Workshop

Random forest is a combination of multiple decision trees. It works by combining multiple covariates to determine which predictor is the most important when configuring the overall statistic. Random forest uses machine-learning methods called “Ensemble Methods”. These are basically methods that determine which covariate is the most important during prediction, and which is less important, in order to weigh each variable and count it for as much as it should be counted in each situation. Efficiency is improved during the use of ensemble methods. Specifically, Nieves et al. use random-forest machine learning to predict the global population density, by combining many covariates, of which will be picked apart for each area and each variable will be given a weight determined by how important it is to that particular area. When adding up these population densities, they will add up to one. This is because some grid cells will have more people, and some will have less, so they will balance out.

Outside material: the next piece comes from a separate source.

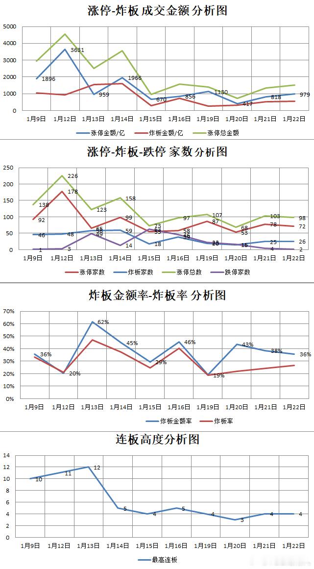 【1.22星期四】 湖南人涨停复盘 "涨停金额:979亿 炸板金额:545亿首板金额:734亿 连板金额:245亿涨停72家 炸板26家 跌停2家首板56家 连板16家" 【市场连板股】16只 245亿 代码 名称 末次时间 连板数 原因002931 锋龙股份 9:25 4 机器人603078 江化微 9:25 3 国产芯片000670 盈方微 9:25 3 国产芯片601212 白银有色 13:00 3 有色金属000880 潍柴重机 9:30 2 AI硬件002342 巨力索具 9:33 2 商业航天001202 炬申股份 9:39 2 有色金属000036 华联控股 9:41 2 有色金属600770 综艺股份 10:29 2 国产芯片600759 洲际油气 13:04 2 油气603256 宏和科技 13:27 2 PCB002279 久其软件 13:37 2 公告603608 天创时尚 14:23 2 股权转让600868 梅雁吉祥 14:45 2 有色金属001389 广合科技 14:49 2 PCB603040 新坐标 14:56 2 机器人【商业航天】24只 322亿 消息面: 马斯克希望7月前让SpaceX上市 002342 巨力索具 9:33 2/11天6板 商业航天002471 中超控股 9:25 1 航空航天+机器人002201 九鼎新材 9:34 1/7天4板 商业航天601608 中信重工 9:36 1 商业航天+机器人001316 润贝航科 9:52 1 航空材料601106 中国一重 9:53 1/12天6板 可控核聚变股东+商业航天600391 航发科技 10:20 1/4天3板 大飞机+航空发动机001379 腾达科技 10:21 1 商业航天002943 宇晶股份 10:27 1 卫星玻璃(切割设备)002297 博云新材 10:36 1 国产大飞机600330 天通股份 10:48 1 光模块上游+商业航天002149 西部材料 11:02 1 网传SpaceX铌合金供应商002865 钧达股份 11:06 1 太空光伏600192 长城电工 11:26 1 商业航天002985 北摩高科 13:00 1/4天2板 国产大飞机+商业航天002519 银河电子 13:05 1/14天8板 参股格思航天300775 三角防务 13:09 1 大飞机+商业航天600477 杭萧钢构 13:39 1 中标箭元火箭项目603601 再升科技 13:46 1 SpaceX供应商603778 国晟科技 13:47 1 太空光伏(未证实)603220 中贝通信 14:04 1 卫星通信+算力300737 科顺股份 14:04 1 商业航天601992 金隅集团 14:19 1 商业航天002565 顺灏股份 14:37 1 太空算力【机器人】11只 61亿 消息面: 工信部:将发布人形机器人与具身智能综合标准化体系建设指南 002931 锋龙股份 9:25 4/25天17板 优必选拟入主603040 新坐标 14:56 2 丝杠送样+机器人002283 天润工业 9:36 1 AI智能体+工业机器人605488 福莱新材 9:46 1/4天2板 第三代电子皮肤605118 力鼎光电 9:57 1 机器人001288 运机集团 10:33 1 矿山智能工业机器人603665 康隆达 10:52 1 机器人(超高分子聚乙烯)603095 越剑智能 11:28 1 AI智能验布机+机器人300828 锐新科技 13:03 1 机器人603305 旭升集团 13:37 1 机器人轻量化603608 天创时尚 14:23 2 机器人+商业航天【国产芯片】7只 71亿 消息面: CPU概念股大涨;美光等表示AI热潮驱动“前所未见”的内存短缺 603078 江化微 9:25 3 上海国资入主+光刻胶000670 盈方微 9:25 3 拟重大资产重组+芯片分销600770 综艺股份 10:29 2 参股神州龙芯002183 怡亚通 9:32 1 美光总代理+存储芯片300454 深信服 13:55 1 CPU沙箱688699 明微电子 14:00 1 芯片封测301286 侨源股份 14:08 1 电子特气+半导体合作【PCB】6只 108亿 消息面: 日本半导体材料厂调涨CCL、黏合胶片等PCB材料售价30%以上 603256 宏和科技 13:27 2 电子级玻纤布(Q 布)001389 广合科技 14:49 2 算力服务器PCB002636 金安国纪 9:25 1/6天3板 业绩预增+覆铜板002141 贤丰控股 9:43 1 覆铜板002815 崇达技术 13:17 1 PCB+AI服务器002938 鹏鼎控股 13:21 1 PCB(SLP)【有色金属】5只 199亿 消息面: 白银期现货连续刷新历史高点 601212 白银有色 13:00 3 黄金001202 炬申股份 9:39 2 铝土矿转运000036 华联控股 9:41 2 拟收购境外锂业公司600868 梅雁吉祥 14:45 2 银锑矿资源002716 湖南白银 14:55 1/3天2板 白银【油气】4只 29亿 消息面:Brent原油与本月初相比上涨近6% 600759 洲际油气 13:04 2 石油勘探000968 蓝焰控股 9:32 1 煤层气(非常规天然气)000407 胜利股份 10:02 1 天然气002629 仁智股份 14:19 1 油气技术服务【AI硬件】3只 47亿 000880 潍柴重机 9:30 2 数据中心(柴油发电机)605277 新亚电子 9:47 1 高频高速数据线材688195 腾景科技 14:37 1 OCS相关订单【公告】3只 36亿 002279 久其软件 13:37 2 业绩扭亏+AI营销002420 毅昌科技 9:33 1 年报预增300592 华凯易佰 10:21 1 Q4业绩大增+AI电商【可控核聚変】 002639 雪人集团 13:04 1 可控核聚変002266 浙富控股 13:39 1 可控核聚变【其他】 000927 中国铁物 9:52 1 中字头000839 国安股份 10:04 1 广电整合001373 翔腾新材 11:22 1 偏光片600058 五矿发展 11:25 1/6天3板 重大资产重组600403 大有能源 13:59 1/ 3天2板 平煤神马入主688316 青云科技 14:27 1 算力云服务002969 嘉美包装 14:55 1/33天17板 控制权变更(追觅科技)【涨停炸板】26只 545亿 代码 名称 首次时间 涨跌幅 原因688595 芯海科技 9:34 12.77% 国产芯片001376 百通能源 14:21 10.02% 其他605111 新洁能 13:06 9.97% 国产芯片002785 万里石 9:36 9.93% 有色金属603001 奥康国际 9:41 9.84% 其他002937 兴瑞科技 9:31 9.79% 液冷服务器000066 中国长城 9:25 9.43% 国产芯片600343 航天动力 14:51 9.33% 航天600871 石化油服 9:38 8.79% 油气002853 皮阿诺 10:57 7.71% 大消费002579 中京电子 9:31 7.69% PCB600685 中船防务 10:26 7.49% 军工600929 雪天盐业 13:49 7.47% 核污染防治600986 浙文互联 9:48 7.35% AI应用603077 和邦生物 10:06 7.00% 黄金601611 中国核建 9:58 6.64% 可控核聚变001330 博纳影业 10:20 6.33% AI应用002467 二六三 10:08 6.26% 商业航天600877 电科芯片 9:41 5.63% 国产芯片603988 中电电机 9:40 5.35% 有色金属600851 海欣股份 11:13 5.26% 其他002291 遥望科技 10:15 4.77% AI营销000415 渤海租赁 9:40 4.73% 公告603353 和顺石油 9:34 2.15% 国产芯

This is to get a better and more accurate count at the grid cell level. The geospatial covariates that proved to be the most important, or that had the most weight given to them, were built environment covariates, which included building footprints, lights at night imagery, and LC Urban areas and LC Rural settlement. These proved to be a lot more important that natural factors. This is because more than 54% of the world population live in urbanized areas. A dasymetric population allocation is a process in which they are attempting to get more accurate data. It goes from a more general data set to a more specific data set by using population densities, going from larger cells, to smaller cells. The probability will be higher if there are many building tops and urban areas, and lower if there is water, or some other natural occurrence that would make it hard for humans to live.